A brisk walk along the promenade in the spring sunshine brought the Kershaws to the Sunny View Guest House, set a few houses back from the seafront on a side road. There was not much to set it apart from any of the others in the terrace. They were all three storeys high with square bay windows, grubby brickwork and dark paint. All displayed ‘Vacancies’ signs. James couldn’t imagine wanting to stay in any of them. They looked most unwelcoming.
The front door of Sunny View was opened by a skinny kid of thirteen or so with long plaits. She looked about as pleased to see them as James was to see the Parkers.
Susan put on her grown-up voice. ‘Hello, Lillian dear. How are you today?’
‘All right, I s’pose. You better come in.’
Bob came to meet them in the hall, took Cora’s coat and gave it to the kid to hang up, then opened the door to the front room.
‘We’re in Gran’s room today,’ he told them, in a tone of voice that made it clear they should think themselves honoured.
The entire Parker clan was gathered in the gloomy room. After the fresh sea air it smelt stale, a mixture of cigarette smoke, polish and cooking fat. James found himself introduced to each family member—Bob’s grandmother, parents, younger brother Frank and the kid Lillian. But none of them made any impression on him, for there, sitting amongst them, was the most stunning girl he had ever seen.
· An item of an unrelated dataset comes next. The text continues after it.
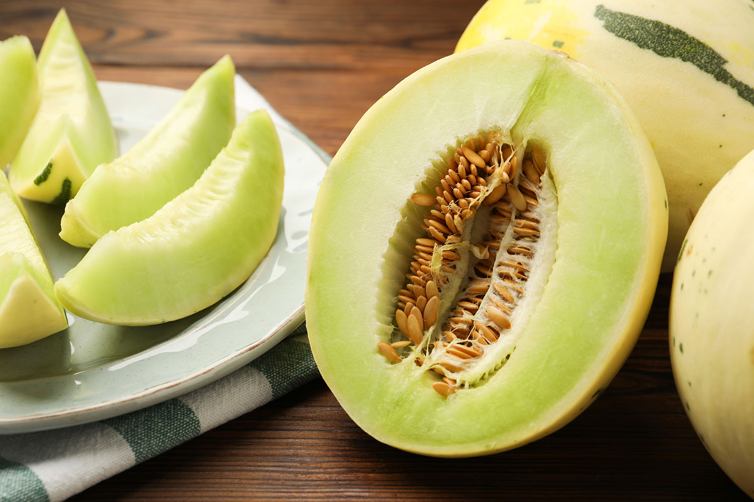 There’s no way to properly enjoy 🍉 without getting messy. (Using a fork or a toothpick? What are you? British?). If you want an unforgettable time with this beach bombshell, ready yourself for all the seed-spitting, sugar-dripping, and tongue-staining glory that comes with it! There’s a reason this melon is an icon of summer; its bright and vivid colours are an invitation to sink your teeth into its sweet and satisfying flesh. It’s the kind of fruit that will make you forget what you were saying. And it’s also a star at festivals – hollow it out, pour some rum or vodka and use it to make a boozy melon! Either way, this melon is going to leave you with a wide and wet grin! 🍉

‘My sister Wendy,’ Bob said.
She was a natural blonde, her hair in soft curls round her lovely face. Her eyes were big and blue and her lips were luscious, while her body was as alluring as Marilyn Monroe’s. She wore a pink jumper that showed off her magnificent breasts to perfection, and a wide belt emphasized her narrow waist. James was mesmerised. There was a general shaking of hands, during which James got to grasp hers.
‘Pleased to meet you,’ he managed to say. He felt hot all over.
Wendy kept hold of his hand a few telling moments longer than necessary. ‘Likewise,’ she said with a cool smile.
James was horribly aware that she knew just what effect she was having on him and, what was more, she was enjoying it.
He sat on the dining chair nearest to where Wendy perched on the arm of her father’s seat. Around him, the two families were making polite small talk. The words buzzed about him but made little sense. Then he realised that Susan was hissing at him.
‘James!’
‘What?’ he asked, disorientated.
‘Mrs Parker is asking you a question.’
With difficulty, he focused on Bob’s grandmother. She was a grim-looking old bat, dressed entirely in black with a large cameo brooch at the neck of her blouse.
‘Yes, Mrs Parker?’ he said, trying to sound intelligent.
From across the room there came a snigger. James glanced over. It was Frank, a lanky young man of about twenty with a shadow of a grin on his face. He understood just what the problem was.
‘I asked what you did for a living, young man.’
James looked back at the grandmother.
‘I’m an apprentice mechanic at Dobson’s garage,’ he told her.
‘Hmm, well, it’s a good thing to have a trade. Our Bob has a position at the bank, of course.’
‘Yes, Mrs Parker,’ he said. Nothing on earth was going to make him sound impressed.